The Autry Museum of the American West recently reopened its main exhibit on competing and intersecting narratives of the American West, called the Imagined West.
The cowboy. The Native. The Chicano.
The open space. The suburban sprawl.
The Stetson. The sombreo. The ushanka.
The dynamic exhibit seamlessly showcases intersectionality. It forces visitors to smash preconceived notions of siloed experiences that often happened simultaneously but live in the collective American memory as isolated and complete events. Perhaps most importantly, it presents the American West as something that continues to evolve.
No one group owns this experience, which may be the exhibit’s singular thesis. The entirety of the West belongs to everyone, as no one group can lay claim to its history or future.
In a joke only humorous to history majors, the concept of Orientalism could be applied to the U.S. Occidental experience. Addressed first by critical historian Edward W. Said in his book of the same name, Orientalism is the practice of those in the Western World viewing the Orient, in his case the Middle East, as somehow different, static and therefore worthy of respect but also in need of saving.
While this is an incomplete analysis of the concept, it’s easy to see how this kind of mentality could be applied to such mythical periods in American history. The ethos of the American West is seen as containing rich wisdom lost to history yet still in need of modernization and civilization.
The clothing often worn by those in one or another period codified within this mythology—at least the iconic items like cowboy hats, dusters, working pants, bolo ties and more—can be interpreted as belonging to other people, not modern-day individuals in the modern world, with few exceptions. And those exceptional individuals often are those who do the things made famous by these periods of time—ranching, riding or prospecting—even if they do so in a modern fashion.
Wearing these items signals an otherness outside of what a modern person should wear.
Sitting at my youngest’s preschool graduation, I noticed that one of the rabbis was dressed almost exactly like me. We wore dark blue blazers, light blue shirts and gray slacks. He also sports a shaved head and a gray beard (his slightly whiter than mine).
But I was wearing boots, and my shirt had pearl snaps.
As we joked about our choices, he asked, “Would anything in your life necessitate wearing cowboy boots?”
This question was a bit of a shock.
My choice to express my connection with Western culture through my clothing was completely foreign to him. Yet it is as much a part of my identity as some of the skater or hip-hop culture that influenced many of the other fashion choices made by other middle-aged parents that evening is a part of theirs.

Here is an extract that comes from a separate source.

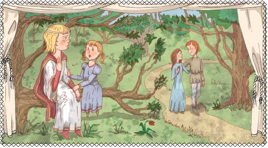 Фрейлина Катрин нарядилась фрейлиной Эмили, фрейлина Эмили – фрейлиной Катрин, Агнесска – крапивкой, а Маргрете – ландышем. Глядя на них, малышка Хильдочка, наш милый ангелочек, запела: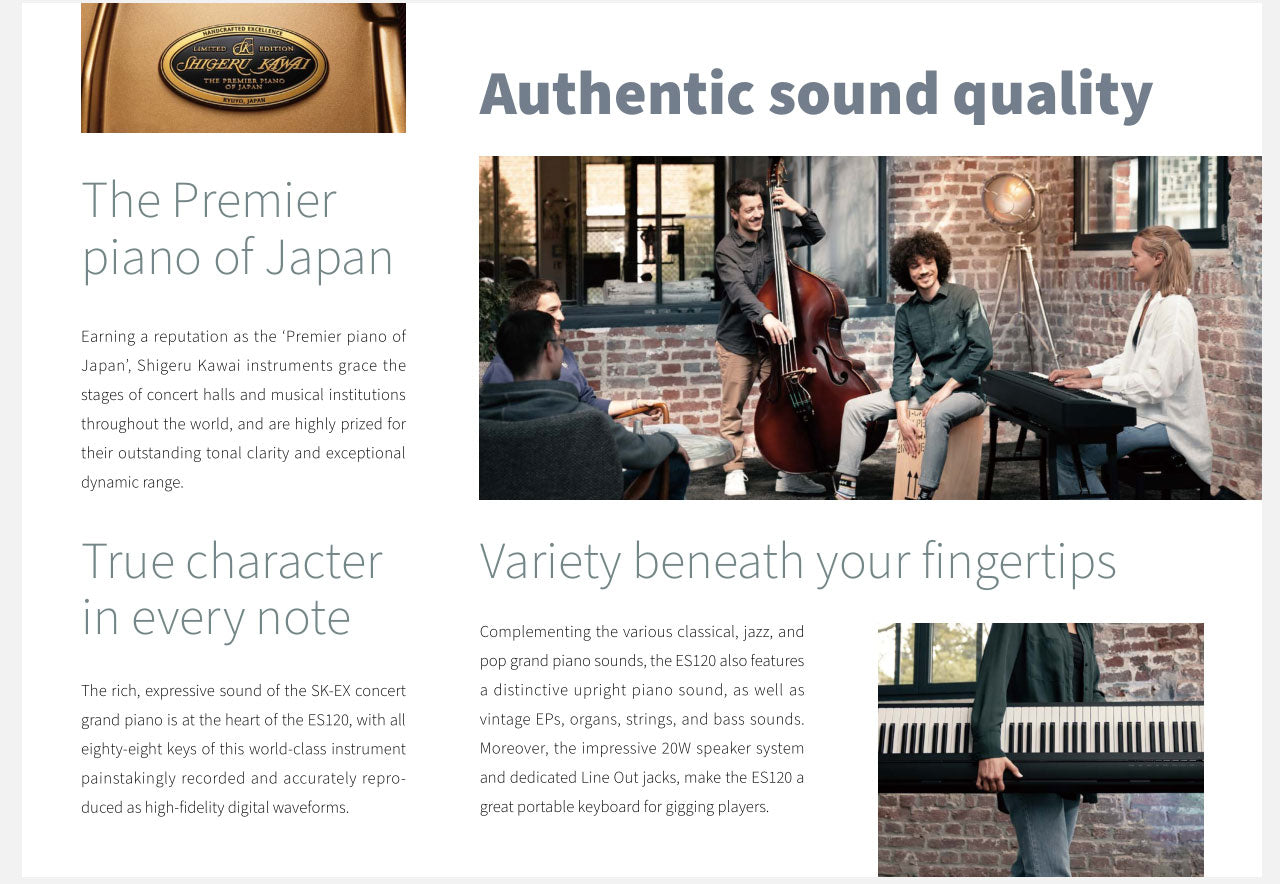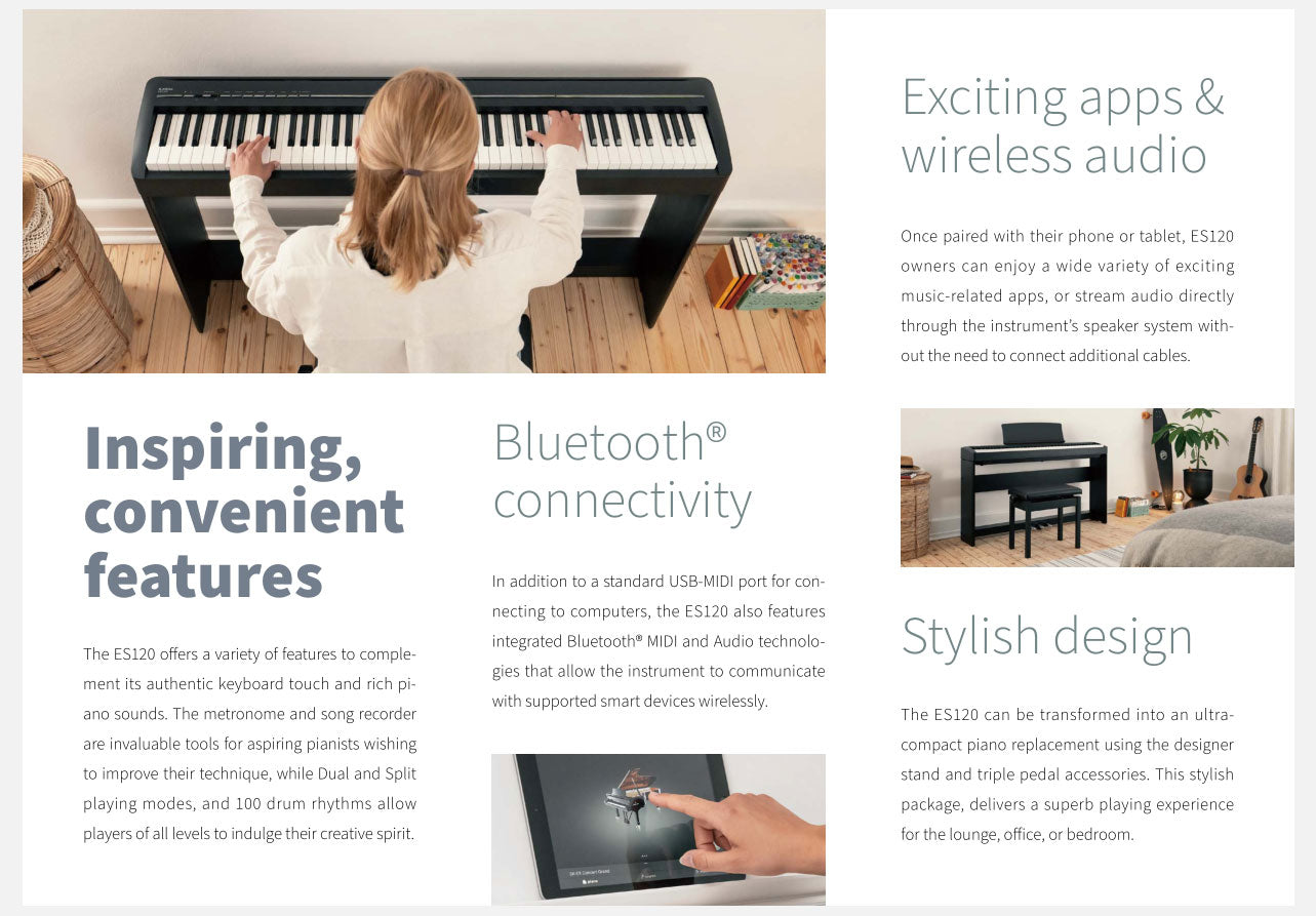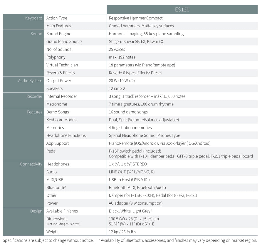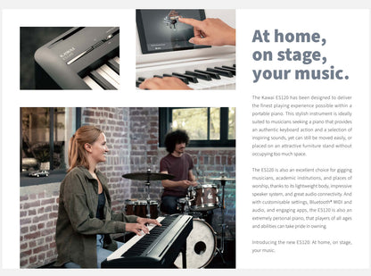 The latest addition to the highly respected ES range, the ultra-portable ES120 features an improved Responsive Hammer Compact keyboard action, beautiful Shigeru Kawai grand piano sounds, and built-in Bluetooth® MIDI and Audio connectivity, delivering gig-friendly grand piano touch and tone at a remarkably affordable price.

Yet those influences, which also are major elements of American Western culture, are somehow more acceptable within our community.
Candolin Cook, a historian and writer who focuses on Western American history, notes that those “other” influences have been a part of mainstream culture for decades, “so it's not exactly jarring to see kids in the suburbs wearing baggy jeans and Timberlands,” icons of hip-hop culture or even older folks still wearing Vans skate shoes.
She explains that Western wear has traditionally been associated with blue-collar people living in the South and West, which might have been the basis of the rabbi’s question. I clearly am not a blue-collar worker from either of these regions, however, I love the culture, the fashion and what it represents when someone chooses to wear it. And I aim never to slip into cosplay.
In fact, this is the exact reason I was reticent to wear a cowboy hat — somehow, the Stetson was the bridge too far. It’s about ensuring that I’m respecting, not appropriating.
“When what feels like ours is commodified and popularized by the very elite who have looked down on us as uncultured or dumb or trash or uncool, it's frustrating,” Cook said. “But today, it's kind of a case-by-case basis. We love Post Malone and Lil Nas X rocking cowboy core but despise the gals from California who wear pink cowboy hats on their Nashville girls' trip.”
Yet, once I put on that Stetson 10X Felt, it felt right. Perhaps I needed a push to understand that while traditionally it wasn’t for me, no one needs permission to join the American experience.
“Fashion is cyclical, of course, but Western Wear's staying power and cool factor seems pretty unmatched to me,” said Cook. “Especially if you consider how little much of the designs have changed over the years--blue jeans, pearl snaps, cowboy hats remain relatively untouched from when they served utilitarian purposes in the nineteenth century to the Urban Cowboy kicker craze of the 80s to 2024 when they're on catwalks in Paris.”
Put differently, these items aren’t just fashion choices; they are icons of the American experience.